The most memorable happening in Cape Town in early July, apart from another towering display from the pack in an 18–0 defeat, was Clive checking us out of the three-star team hotel and into the best gaff in Africa, known locally as the Pink Palace, which was about six times the price. Not only that, but he picked up the tab on his own credit card. That one act spoke volumes for the ambition Clive had for England. It said he would no longer put up with second best. It also said to me that he wanted sole charge from now on (manager Roger Uttley knew nothing about the change of plan). Here, I thought, was a man unafraid to speak his mind. He said what we were all thinking when lambasting those responsible for organizing the tour. ‘This was something I inherited,’ he was quoted as saying in the Daily Mail. ‘Unfortunately, the people who put it in place are still on the RFU. They keep their heads down and hide while we travel round the world to play Tests on successive Saturdays. I wish they would say why they did it. What I cannot seem to get through their thick heads is that we don’t control the players. This means they cannot go around arranging fixtures, telling people what strength of teams we will be sending.’ He stepped up his attack on his Twickenham bosses in the pages of the Daily Telegraph. ‘Anybody who could organize a Test match in New Zealand one Saturday and then another Test halfway round the world in a completely different time zone the next Saturday is somebody who doesn’t know about playing the game.’

It was not until later that Clive’s position really strengthened, but at that time he certainly gained the respect of his senior players because he was genuinely looking after our best interests. When he moved us out of the Holiday Inn Garden Court and into the Mount Nelson, it was because he considered the former an unsuitable environment to prepare for a Test match. It was not a case of wanting a bigger bedroom or more luxuries. The food was poor, there were no meeting rooms, and we were sharing the hotel with a couple of other international teams as well as the rugby media.

The precedent he set that day ensured that now England want for nothing in their accommodation. At home we are based at the luxurious Pennyhill Park in Bagshot, where our privacy is guaranteed. We even have a training pitch within the grounds. When we have down time, it is exactly that. You can wander around and you can sit and play backgammon or cards and speak freely without being worried someone is around the corner listening. Your time is your own. Some journalists have told me they need to be close to the squad because they feel certain information is slow to be released to the public domain. My own view is that you have to have a certain respect for the process. I don’t think when things go wrong you can expect the first thought to be, ‘Oh, we’ve got to tell the press about it.’ Whether it be injuries, selection or de-selection, we must be allowed time to get it right first, and then make it public.
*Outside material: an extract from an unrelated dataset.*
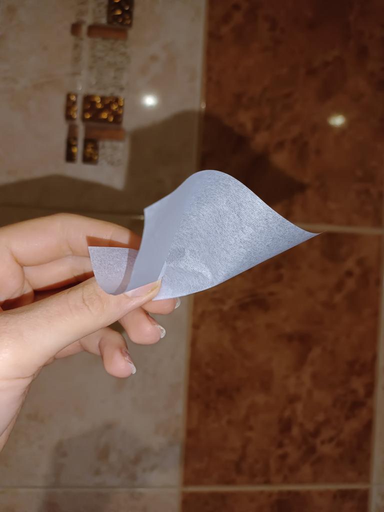 на дотик як пергамент бумага для духовки, тільки тоньше. пахне лавандою, звичайним милом для рук. спробувала, якось незрозуміло.. і нічого не вбирає і запаху лаванди на шкірі не залишає.

On the Tour from Hell England patently did not do the business yet, as I sat on the pitch at Newlands at the end of our final game, soaked to the skin and comparing a record of played seven, lost seven to the elation of Lions victory on the same pitch a year earlier, a peculiar thought crossed my mind. For all the problems we had encountered, for all the defeats we had suffered, for all the insults that had been hurled in our direction in three different countries, I would not have swapped the experience for the world. It was an absolutely essential building block to where I am now. During those five weeks I gathered a huge amount of knowledge on how to communicate with players and management, and the openness and honesty that are central to the person I am now can be traced back to that voyage of discovery in June and July 1998.